A journalist from a distinguished American newspaper asked me if perhaps it might have been wiser to allocate Ma’arat HaMachpela a government-funded budget without adding this site to the national “Heritage program.” I responded, of course, under no conditions would this be acceptable. Why?
Following the beginning of violent riots in Hebron in reaction to Prime Minister Netanyahu’s announcement, the former minister of information for the PA, Mustafa Barghouti visited Hebron. I asked him, on camera, who may worship in Ma’arat HaMachpela: only Moslems or also Jews and Christians? He refused to directly answer the question, finally saying that “G-d is everywhere; people can pray wherever they want.”
Isabel Kersher, writing in the NY Times, quotes Zahran Abu Qubeita. the mayor of the Arab city Yatta, in the southern Hebron Hills as declaring, “[Ma’arat HaMachpela] is an Islamic site, not a Jewish one.”
These answers must be viewed not only in the light of present politics, but rather on the background of seven centuries of Jewish inaccessibility to the building atop the Machpela caves.

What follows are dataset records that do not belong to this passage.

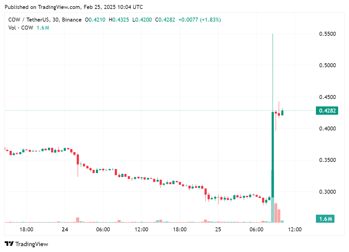 مدتی پس از اعلام فهرست شدن COW توسط Upbit، این توکن شاهد افزایش قیمت قابل توجهی بود. COW بلافاصله پس از انتشار اطلاعیه، تا ۴۶٪ افزایش یافت و به قله قیمت ۰.۴۶ دلار در معاملات روزانه رسید. در زمان نگارش این مطلب، COW با قیمت ۰.۴۳ دلار معامله میشود.
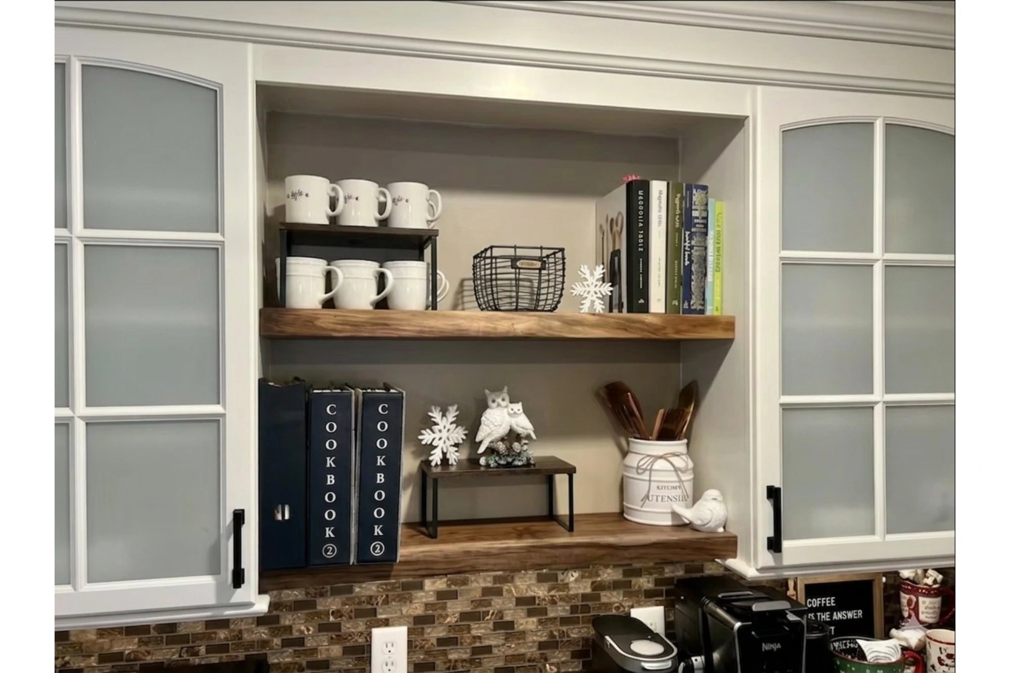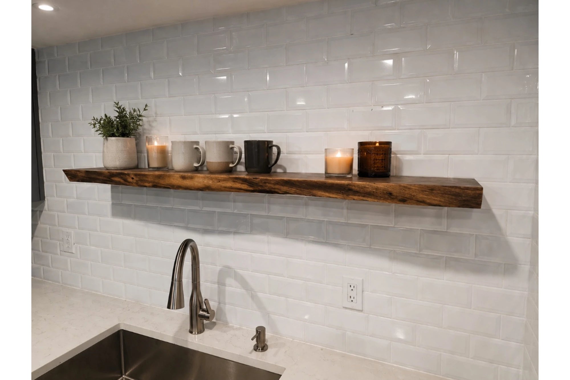- Solid walnut, natural live edge: Every shelf is unique with knots, filled cracks, or inclusions.
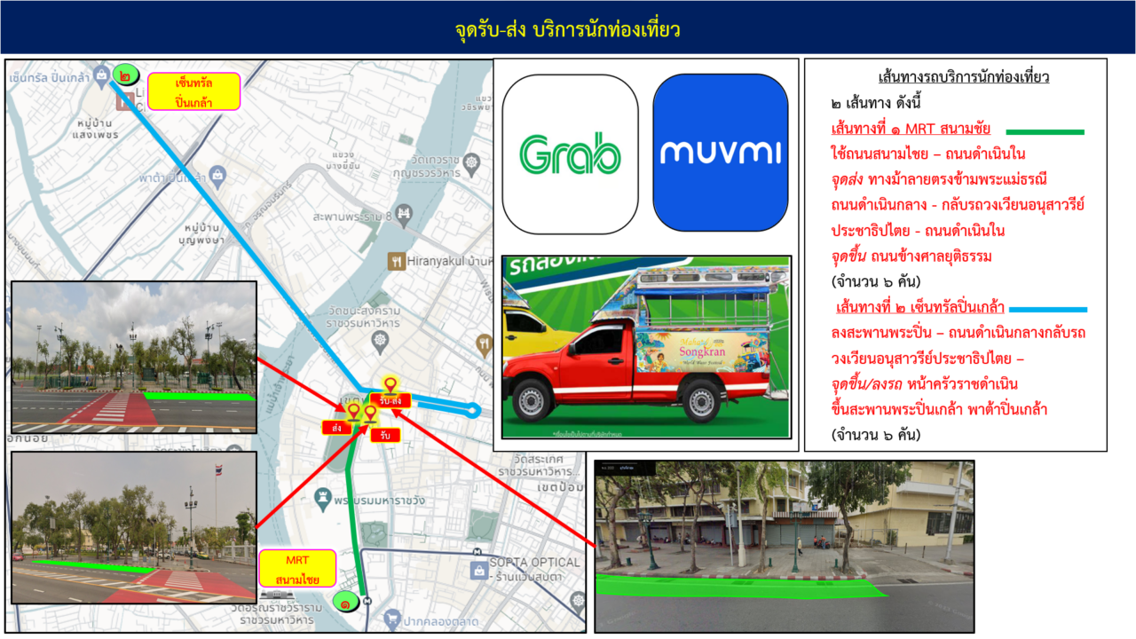 สำหรับการเดินทางร่วมงานสามารถใช้บริการรถรับส่งผู้รถสองแถวตามจุดจอดรถรับส่ง 2 จุด ได้แก่ MRT สนามไชย และ เซ็นทรัลปิ่นเกล้า ระหว่างวันที่ 11 – 15 เมษายน 2568 ตั้งแต่เวลา 15.00 น. – 23.00 น. ผู้ที่เดินทางมาด้วยรถยนส่วนตัวสามารถจอดได้ที่ เซ็นทรัลปิ่นเกล้า (จอดฟรีตลอด 24 ชั่วโมง) ราชนาวี (จอดได้ตั้งแต่เวลา 06.00 – 01.00 น. ค่าบริการชั่วโมงแรก 30 บาท ชั่วโมงถัดไป 20 บาท) ท่ามหาราช (06.00 น. – 00.00 น. ชั่วโมงละ 40 บาท จอดเกินเที่ยงคืน 100 บาท) ผู้ที่สนใจสามารถติดตามรายละเอียดเพิ่มเติมได้ที่ www.thailandfestival.org และ Facebook : Thailand Festival หรือ โทร. 1672 Travel Buddy
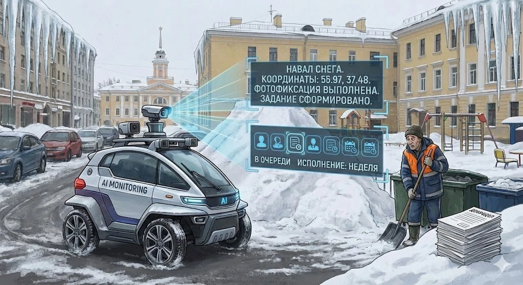 Тракторист искренне считал это место официальной зоной складирования, пока стоявшая рядом машина не уехала, явив миру заваленный сюрприз. Осознав, что "сугроб" подозрительно напоминает транспортное средство, мастер ковша предпочел элегантно ретироваться за угол дома. — сообщает очевидец.
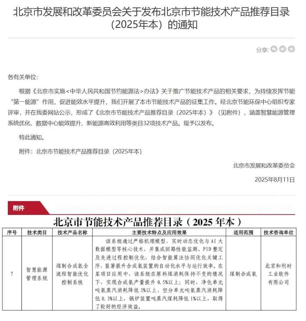 和利时“煤制合成氨全流程智能优化控制系统”入选《北京市节能技术产品推荐目录(2025年本)》
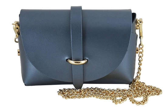 Wnętrze torebki: jednokomorowe torebki ze skóry metalizowanej są surowo wykończone. Zapinane są paseczkiem przechodzącym przez złotą ozdobną szlufkę. Długość łańcuszka: 120cm.
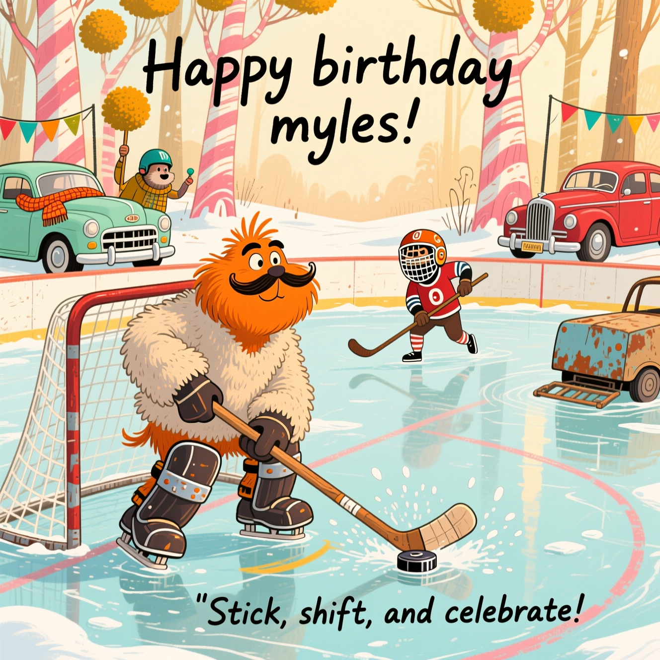 Hand-drawn illustration with fine linework, textured brush strokes, balanced composition, and a warm, expressive color palette. Funny, whimsical mood. Scene: On a frozen pond beneath swaying Truffula trees (candy-striped trunks, pom-pom tops), the Lorax—small, orange, and gloriously mustachioed—guards a wobbly goal cobbled from old chrome grilles and bumpers. He’s bundled in comically oversized, fluffy Truffula-tuft goalie pads and grips a wooden stick, bracing as a shiny hubcap puck skitters toward him, spraying tiny ice shavings. Two fuzzy forest critters in helmets and jerseys hustle in with curved sticks, mid-slapshot. Rink-side, charming old cars cheer like fans: a mint-green ’50s sedan with a knitted scarf and pennant, a cherry-red ’30s coupe wearing a vintage goalie mask on its grille; another battered classic putters by as a homemade Zamboni, leaving a glossy track. Soft golden afternoon light, warm oranges, mustard yellows, coral pinks, teals and mints; gentle paper grain, playful cross-hatching, painterly gouache strokes. Clear focal point on the Lorax in goal, lively motion lines, cozy winter breath puffs, no brand logos.

And accordingly, Israel, at the highest levels, must express in no uncertain terms: Ma’arat HaMachpela, in the city of Hebron, is a JEWISH holy site. This does not negate accessibility to anyone and everyone, of any and every race and religion, to visit and worship here. However, first and foremost, the Jewishness of this site must be acknowledged.
Why do Islamic political and religious leaders refuse to accept any Jewish legacy at Machpela? For the same reasons they reject any Jewish birthright at Joseph’s tomb, Rachel’s tomb, and Temple Mount. In fact they renounce any Jewish roots in all of Israel, preferring to espouse the ‘Palestinian foundation’ of the land we know and call Eretz Yisrael. Of course, the easiest way to change history is to rename and reidentify such sites, as did the Romans two thousand years ago, when following destruction of the Second Temple and expulsion of Jews from Jerusalem, they renamed that city ‘Aelia Capitolina’ and changed the name of the entity known as Israel to ‘Palestina.’
But history, in reality, cannot be erased, and truth will prevail. For should Hebron and Machpela be blotted off the inventory of Jewish culture and tradition, surely the rest of Israel will soon follow because all of Jewish history is enrooted in the heritage which began in Hebron almost four thousand years ago.
Hebron, 2010 has moved past the 7th step.